EXERCISE GOAL →
Below are records to be copied exactly; their pictures are to be omitted.

(Items from a data source)
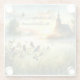 Sunrise Church with Birds in Misty Meadow Glasuntersetzer
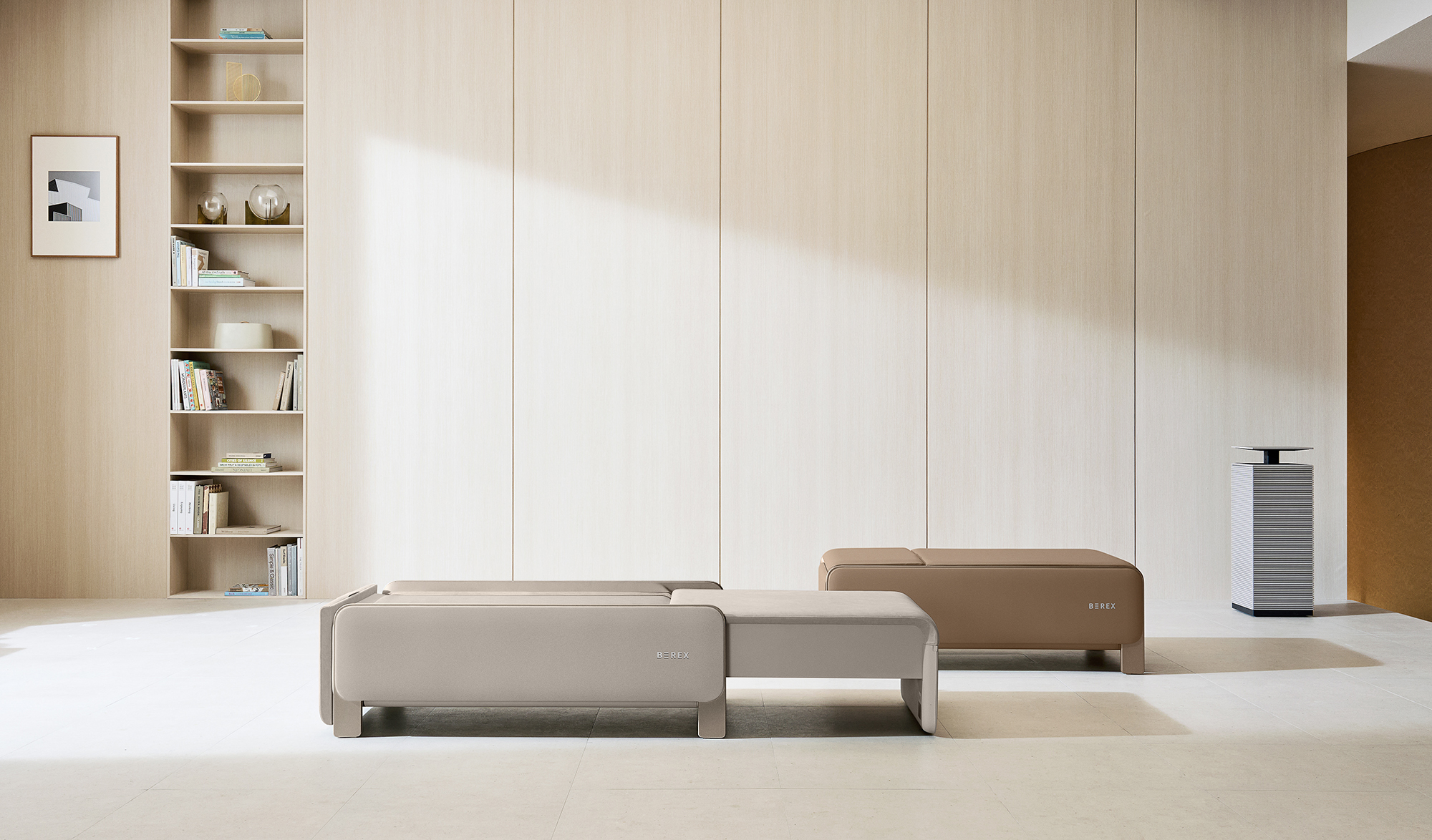 코웨이 비렉스 안마베드는 편안하게 누운 상태에서 깊고 강력한 마사지를 제공하는 안마기기다. 가구형 디자인을 적용해 평소에는 쇼파 스툴처럼 활용하다가 안마 시 간편하게 당겨 펼칠 수 있다. 주변 가구 및 공간 속에 자연스럽게 녹아드는 4가지 색상으로 구성되어 크림 화이트, 샴페인 베이지, 모카 브라운, 잉크 블랙 중 인테리어 및 취향에 따라 선택 가능하다.
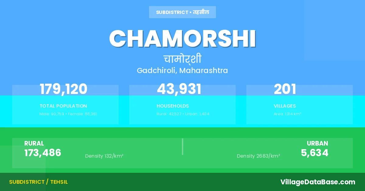 According to the 2011 census The total area of Chamorshi Tehsil is 1314 km², with a population of 179120 people. The population density is 136 inhabitants per square kilometre, and there are approximately 43931 houses in the sub district.
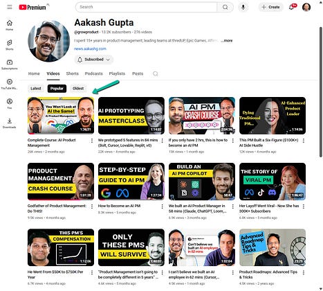 Oh wow. The most popular AI PM video of all time by Aakash Gupta 🙏
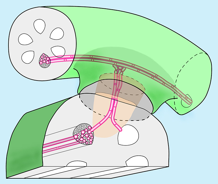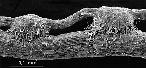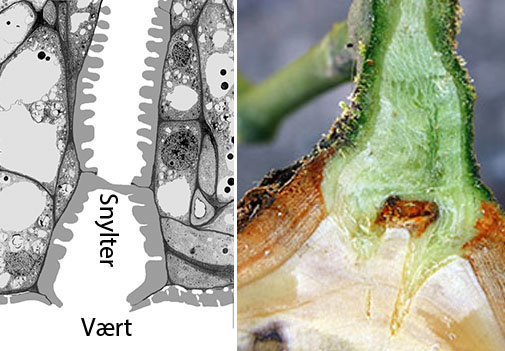 T.v. ses kraftig blomstring hos Cuscuta europaea efter angreb på Rejnfan (Tanacetum vulgare). Arternes hurtige vækst i begge slægter kan tilskrives det store antal haustorier, hvor begge anlægger en xylembro med åben kontakt til værtens ledningsvæv (se Cassytha øverst på siden). Hos Cuscuta sker der yderligere det, at xylembroens kontaktceller (som vist herover) invaderer værtens vandledende tracheider (kendes på de spiralformede afstivningslister på cellevæggens inderside).
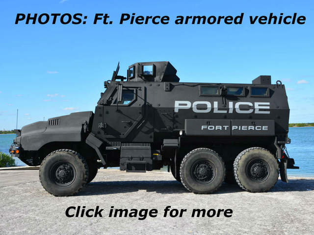 FORT PIERCE, Fla. - Police in Fort Pierce are now armed with a U.S. military surplus battle wagon: a six wheel, 30-ton armored vehicle worth $700,000 — that the agency got for $2,000.
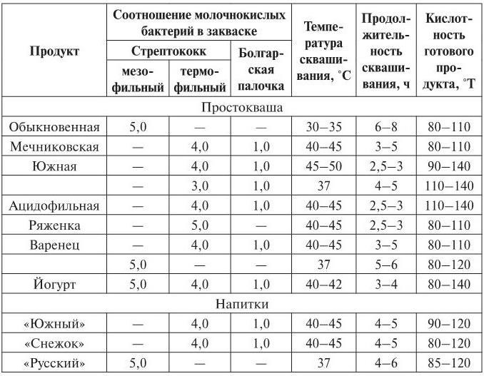 Простокваша известна с давних времен и является наиболее распространенным кисломолочным продуктом. Существует много ее разновидностей, различающихся в основном составом микрофлоры заквасок и режимами сквашивания. В каждой местности выпускают свои национальные виды простокваши: на Украине – ряженка, в Армении – мацун, Грузии-мацони, Туркмении – куранга, в Северо-Восточной Азии – айран, В Татарии – катык и т. д. Также вырабатывается ряд напитков по типу простокваши (табл. 2.7).
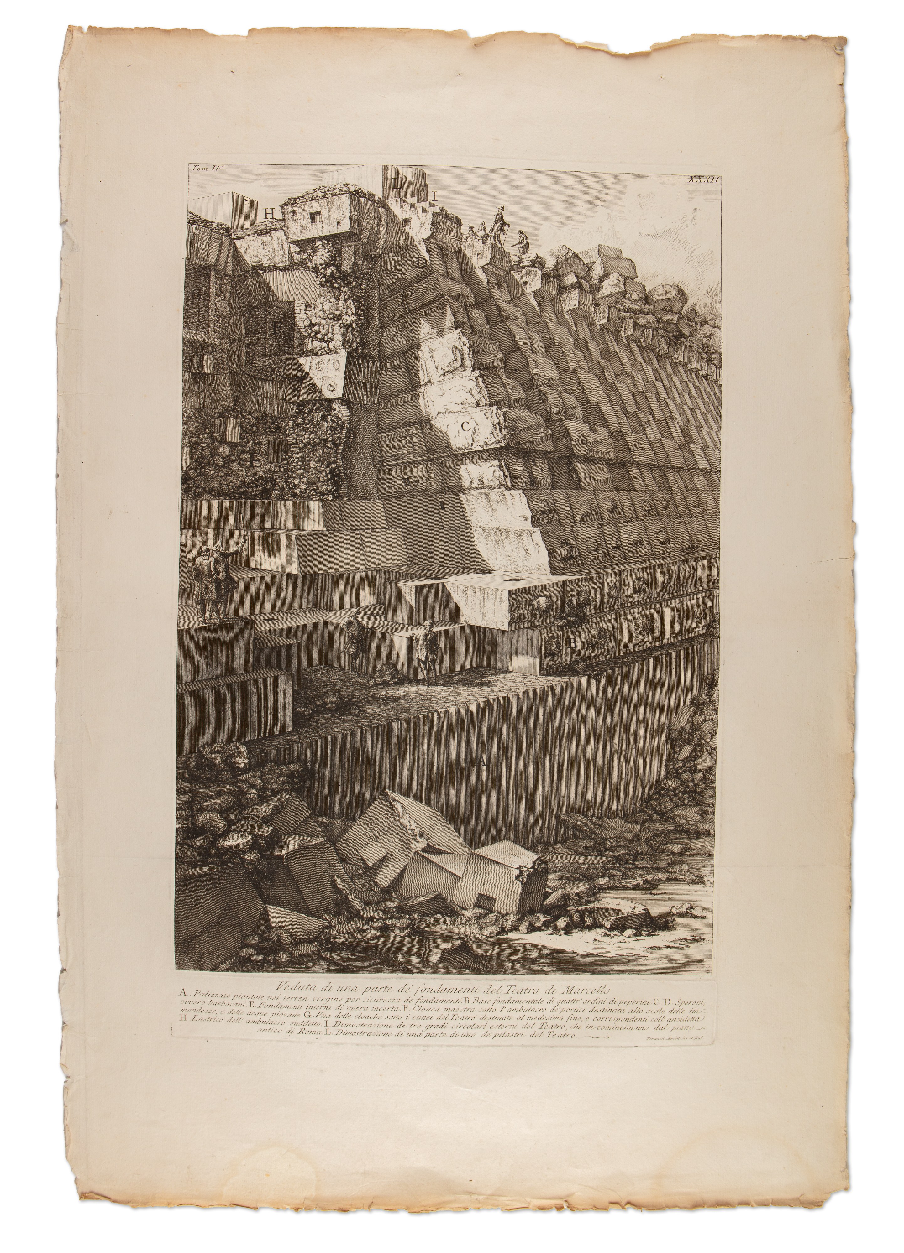 GIOVANNI BATTISTA PIRANESI (ITALY / ITALIAN 1720 - 1778) - Veduta di una parte de' fondamenti del Teatro di Marcello (large sheet)
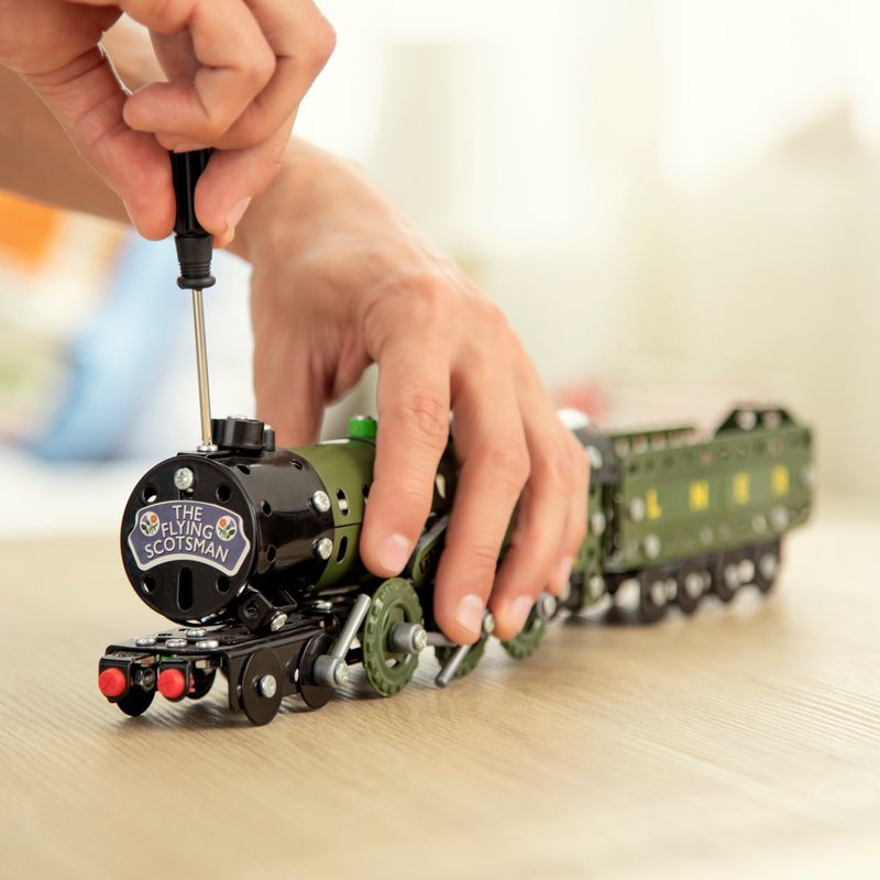 Armable metálico a escala FLYING SCOTMAN / Nivel 2. Contiene: 340 piezas / 238 piezas de armado y 2 herramientas para armar.

WRITTEN RESPONSE →
 Sunrise Church with Birds in Misty Meadow Glasuntersetzer
 코웨이 비렉스 안마베드는 편안하게 누운 상태에서 깊고 강력한 마사지를 제공하는 안마기기다. 가구형 디자인을 적용해 평소에는 쇼파 스툴처럼 활용하다가 안마 시 간편하게 당겨 펼칠 수 있다. 주변 가구 및 공간 속에 자연스럽게 녹아드는 4가지 색상으로 구성되어 크림 화이트, 샴페인 베이지, 모카 브라운, 잉크 블랙 중 인테리어 및 취향에 따라 선택 가능하다.
 According to the 2011 census The total area of Chamorshi Tehsil is 1314 km², with a population of 179120 people. The population density is 136 inhabitants per square kilometre, and there are approximately 43931 houses in the sub district.
 Oh wow. The most popular AI PM video of all time by Aakash Gupta 🙏
 T.v. ses kraftig blomstring hos Cuscuta europaea efter angreb på Rejnfan (Tanacetum vulgare). Arternes hurtige vækst i begge slægter kan tilskrives det store antal haustorier, hvor begge anlægger en xylembro med åben kontakt til værtens ledningsvæv (se Cassytha øverst på siden). Hos Cuscuta sker der yderligere det, at xylembroens kontaktceller (som vist herover) invaderer værtens vandledende tracheider (kendes på de spiralformede afstivningslister på cellevæggens inderside).
 FORT PIERCE, Fla. - Police in Fort Pierce are now armed with a U.S. military surplus battle wagon: a six wheel, 30-ton armored vehicle worth $700,000 — that the agency got for $2,000.
 Простокваша известна с давних времен и является наиболее распространенным кисломолочным продуктом. Существует много ее разновидностей, различающихся в основном составом микрофлоры заквасок и режимами сквашивания. В каждой местности выпускают свои национальные виды простокваши: на Украине – ряженка, в Армении – мацун, Грузии-мацони, Туркмении – куранга, в Северо-Восточной Азии – айран, В Татарии – катык и т. д. Также вырабатывается ряд напитков по типу простокваши (табл. 2.7).
 GIOVANNI BATTISTA PIRANESI (ITALY / ITALIAN 1720 - 1778) - Veduta di una parte de' fondamenti del Teatro di Marcello (large sheet)
 Armable metálico a escala FLYING SCOTMAN / Nivel 2. Contiene: 340 piezas / 238 piezas de armado y 2 herramientas para armar.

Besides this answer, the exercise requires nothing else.